======== MATERIAL PROVIDED

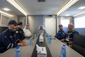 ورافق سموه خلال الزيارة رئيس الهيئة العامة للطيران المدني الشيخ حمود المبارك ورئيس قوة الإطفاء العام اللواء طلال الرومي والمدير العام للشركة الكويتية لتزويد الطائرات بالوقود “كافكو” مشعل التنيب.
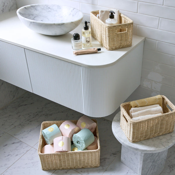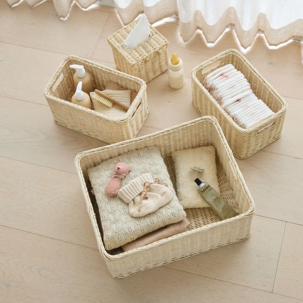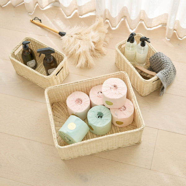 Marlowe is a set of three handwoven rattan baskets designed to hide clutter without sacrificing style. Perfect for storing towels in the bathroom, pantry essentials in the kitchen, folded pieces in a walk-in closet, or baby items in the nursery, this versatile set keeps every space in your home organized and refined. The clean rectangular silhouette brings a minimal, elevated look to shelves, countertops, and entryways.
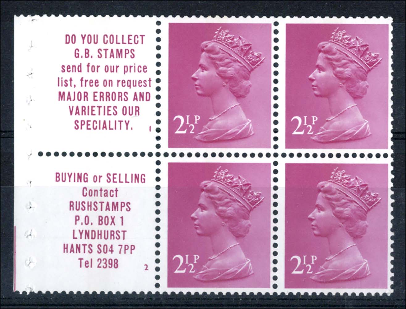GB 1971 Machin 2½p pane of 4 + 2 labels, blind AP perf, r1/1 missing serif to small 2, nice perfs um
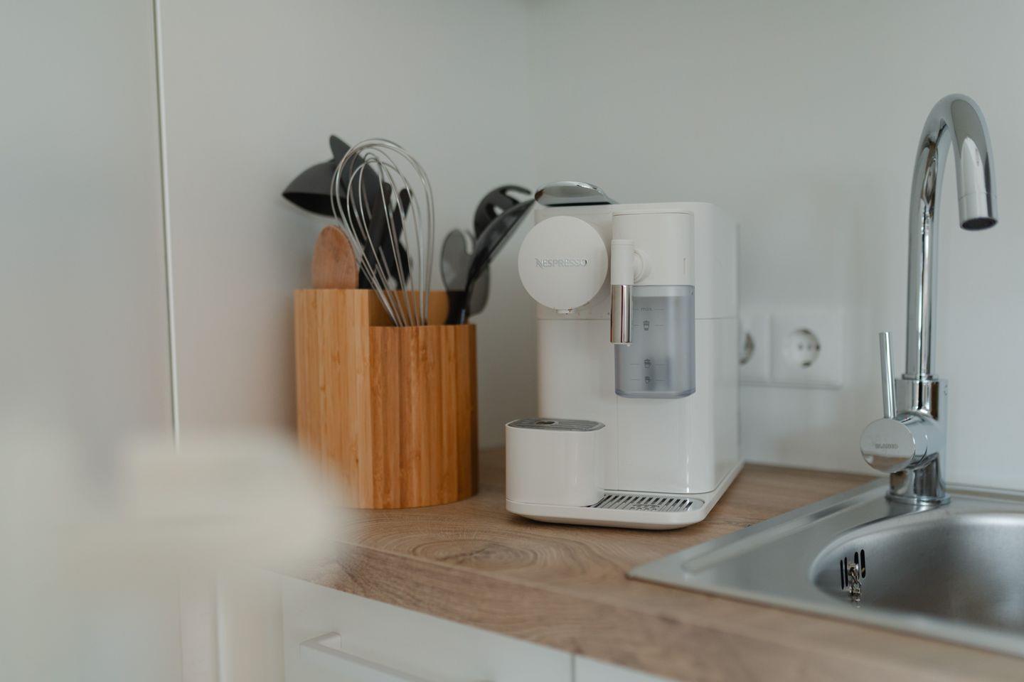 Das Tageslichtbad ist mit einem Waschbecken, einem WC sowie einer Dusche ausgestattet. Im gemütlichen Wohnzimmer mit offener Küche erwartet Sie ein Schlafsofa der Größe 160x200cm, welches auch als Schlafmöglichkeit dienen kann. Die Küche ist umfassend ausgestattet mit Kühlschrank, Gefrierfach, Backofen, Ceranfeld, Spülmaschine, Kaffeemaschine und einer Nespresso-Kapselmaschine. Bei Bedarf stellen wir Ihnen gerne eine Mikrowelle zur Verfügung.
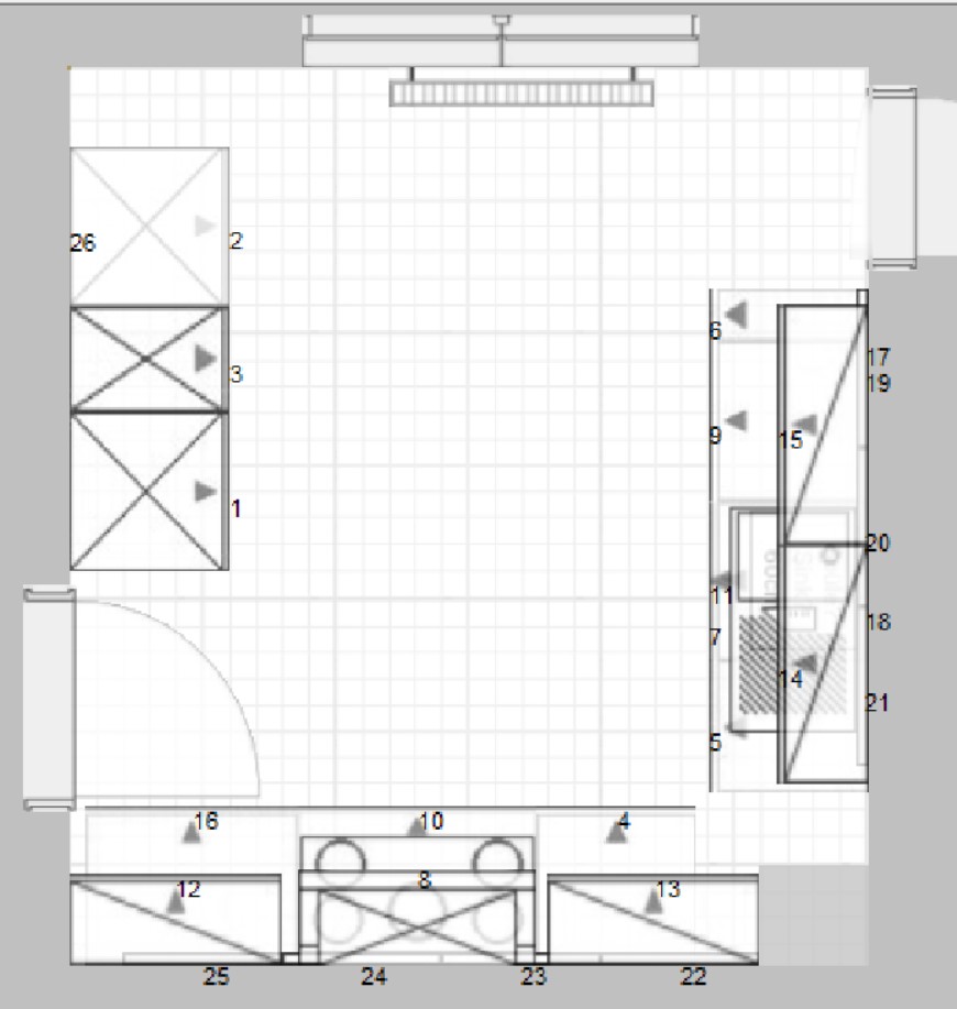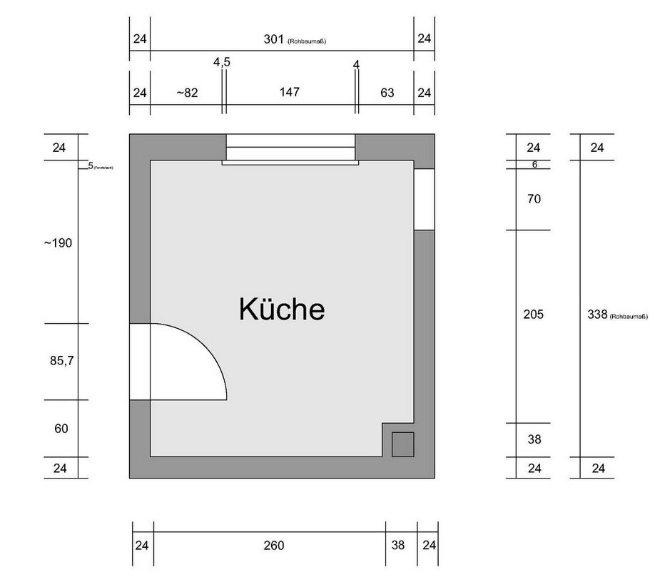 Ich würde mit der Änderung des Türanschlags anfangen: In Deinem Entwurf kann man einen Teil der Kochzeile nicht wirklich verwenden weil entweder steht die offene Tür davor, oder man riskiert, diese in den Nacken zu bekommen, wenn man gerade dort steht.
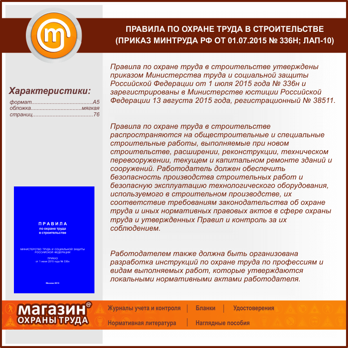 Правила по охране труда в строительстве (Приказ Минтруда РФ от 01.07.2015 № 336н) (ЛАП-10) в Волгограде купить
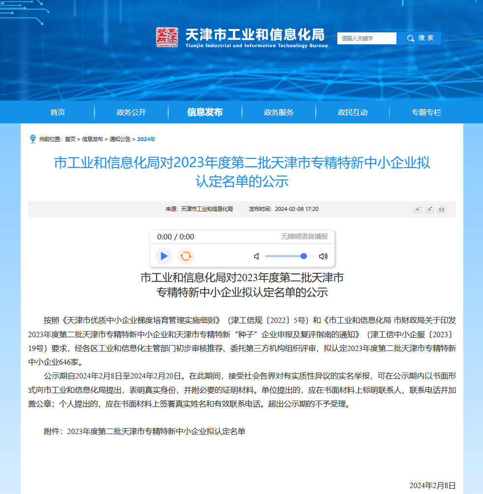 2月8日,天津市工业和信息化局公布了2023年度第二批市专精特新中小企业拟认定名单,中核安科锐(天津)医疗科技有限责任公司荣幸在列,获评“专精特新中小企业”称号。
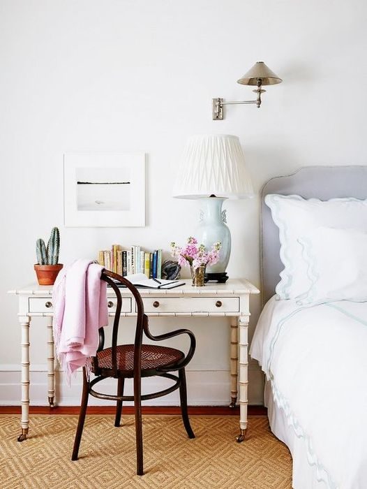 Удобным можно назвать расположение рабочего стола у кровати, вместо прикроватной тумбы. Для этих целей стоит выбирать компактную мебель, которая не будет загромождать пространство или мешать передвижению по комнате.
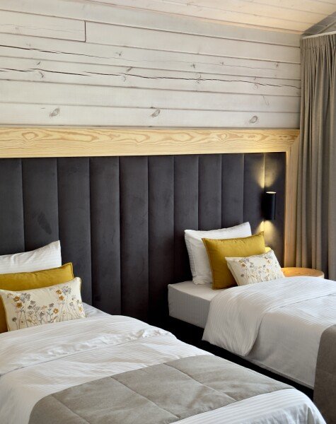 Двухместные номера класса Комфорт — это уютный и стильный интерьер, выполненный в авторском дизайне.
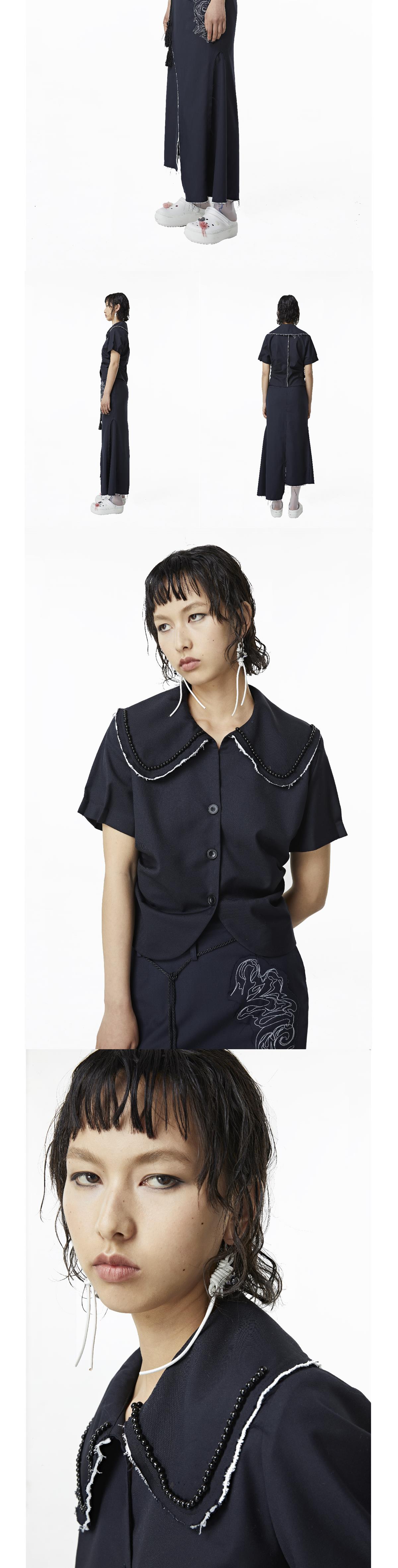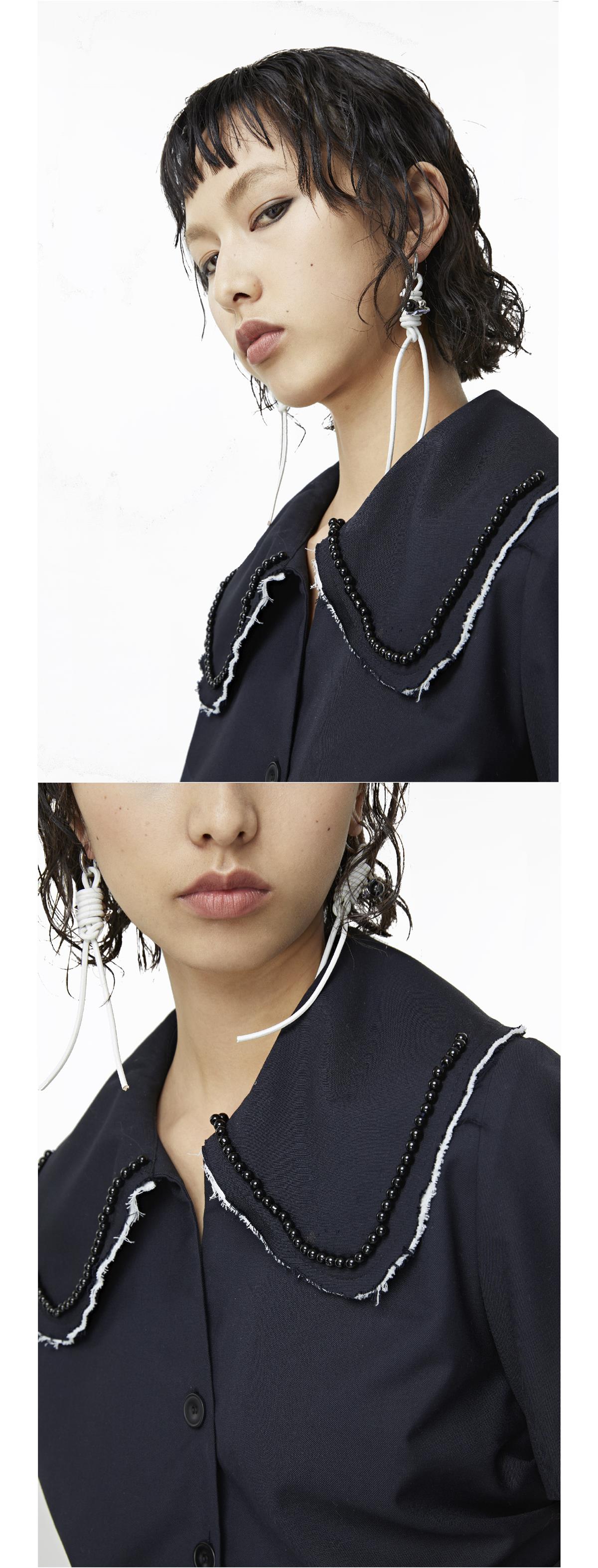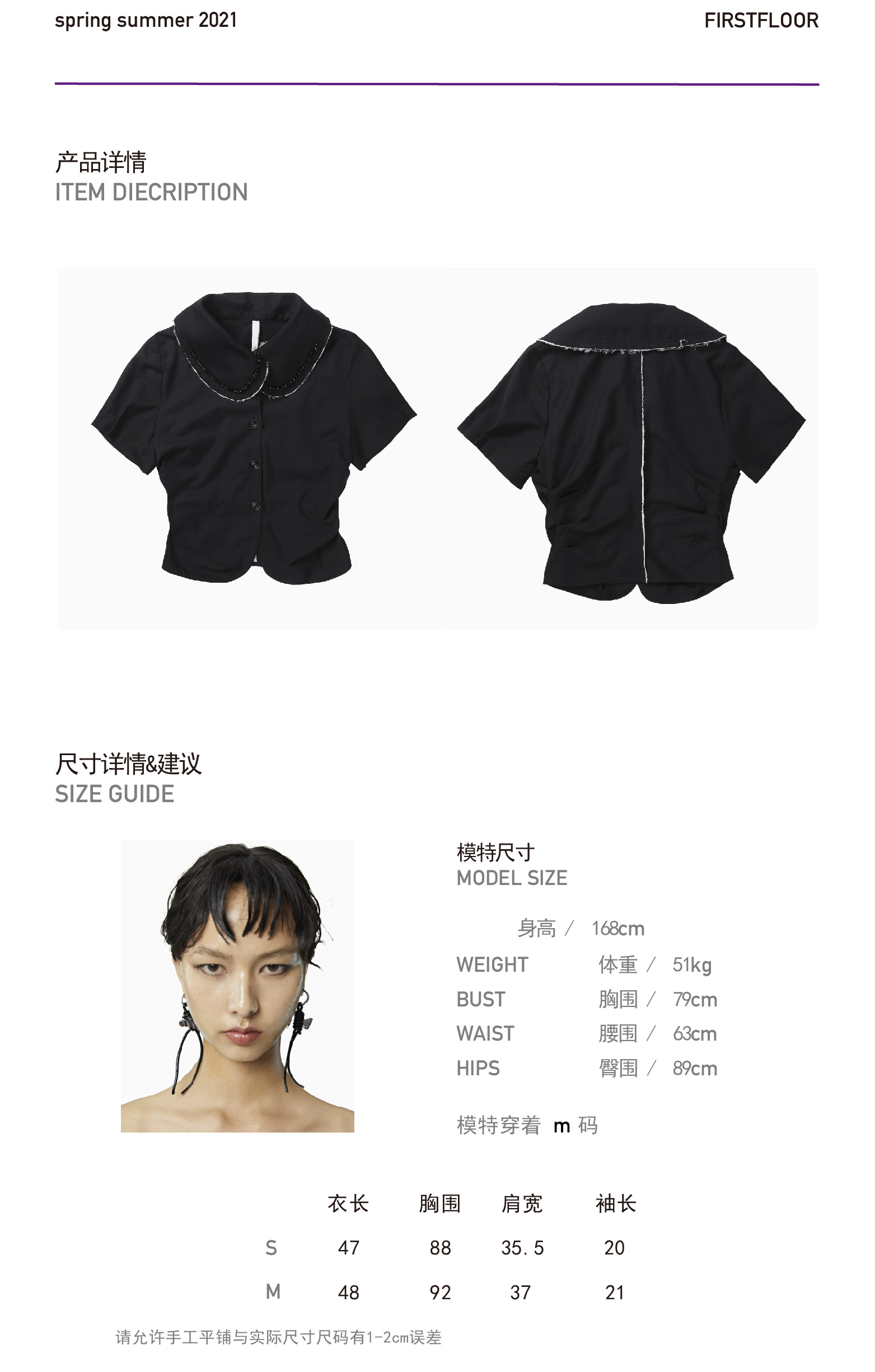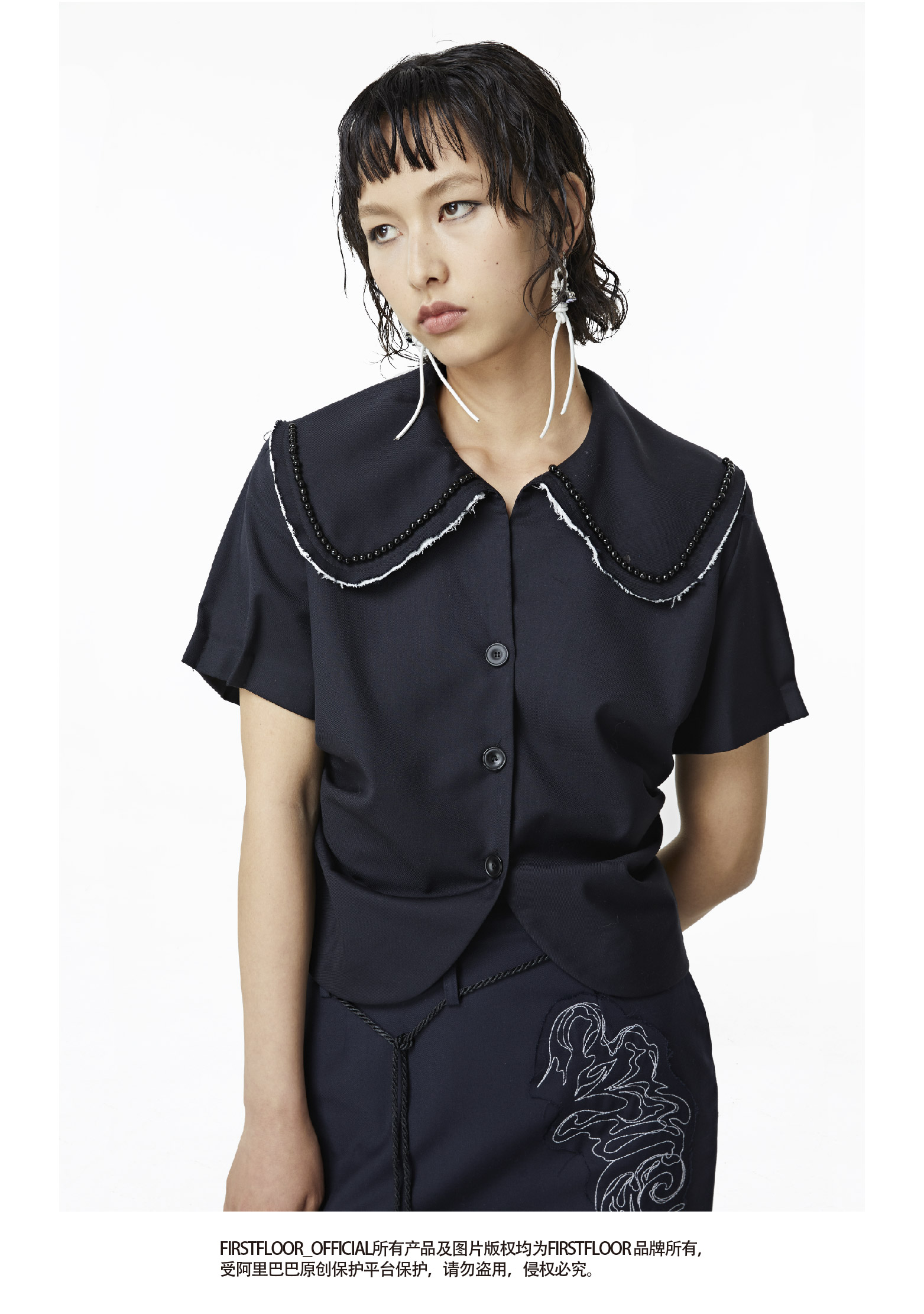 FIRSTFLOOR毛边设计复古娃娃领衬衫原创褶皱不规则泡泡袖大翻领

================

▶ _PROBLEM REQUIREMENTS_
Would you give the data above again word for word, minus the pictures?

▶ _PROBLEM SOLUTION_
 ورافق سموه خلال الزيارة رئيس الهيئة العامة للطيران المدني الشيخ حمود المبارك ورئيس قوة الإطفاء العام اللواء طلال الرومي والمدير العام للشركة الكويتية لتزويد الطائرات بالوقود “كافكو” مشعل التنيب.
 Marlowe is a set of three handwoven rattan baskets designed to hide clutter without sacrificing style. Perfect for storing towels in the bathroom, pantry essentials in the kitchen, folded pieces in a walk-in closet, or baby items in the nursery, this versatile set keeps every space in your home organized and refined. The clean rectangular silhouette brings a minimal, elevated look to shelves, countertops, and entryways.
GB 1971 Machin 2½p pane of 4 + 2 labels, blind AP perf, r1/1 missing serif to small 2, nice perfs um
 Das Tageslichtbad ist mit einem Waschbecken, einem WC sowie einer Dusche ausgestattet. Im gemütlichen Wohnzimmer mit offener Küche erwartet Sie ein Schlafsofa der Größe 160x200cm, welches auch als Schlafmöglichkeit dienen kann. Die Küche ist umfassend ausgestattet mit Kühlschrank, Gefrierfach, Backofen, Ceranfeld, Spülmaschine, Kaffeemaschine und einer Nespresso-Kapselmaschine. Bei Bedarf stellen wir Ihnen gerne eine Mikrowelle zur Verfügung.
 Ich würde mit der Änderung des Türanschlags anfangen: In Deinem Entwurf kann man einen Teil der Kochzeile nicht wirklich verwenden weil entweder steht die offene Tür davor, oder man riskiert, diese in den Nacken zu bekommen, wenn man gerade dort steht.
 Правила по охране труда в строительстве (Приказ Минтруда РФ от 01.07.2015 № 336н) (ЛАП-10) в Волгограде купить
 2月8日,天津市工业和信息化局公布了2023年度第二批市专精特新中小企业拟认定名单,中核安科锐(天津)医疗科技有限责任公司荣幸在列,获评“专精特新中小企业”称号。
 Удобным можно назвать расположение рабочего стола у кровати, вместо прикроватной тумбы. Для этих целей стоит выбирать компактную мебель, которая не будет загромождать пространство или мешать передвижению по комнате.
 Двухместные номера класса Комфорт — это уютный и стильный интерьер, выполненный в авторском дизайне.
 FIRSTFLOOR毛边设计复古娃娃领衬衫原创褶皱不规则泡泡袖大翻领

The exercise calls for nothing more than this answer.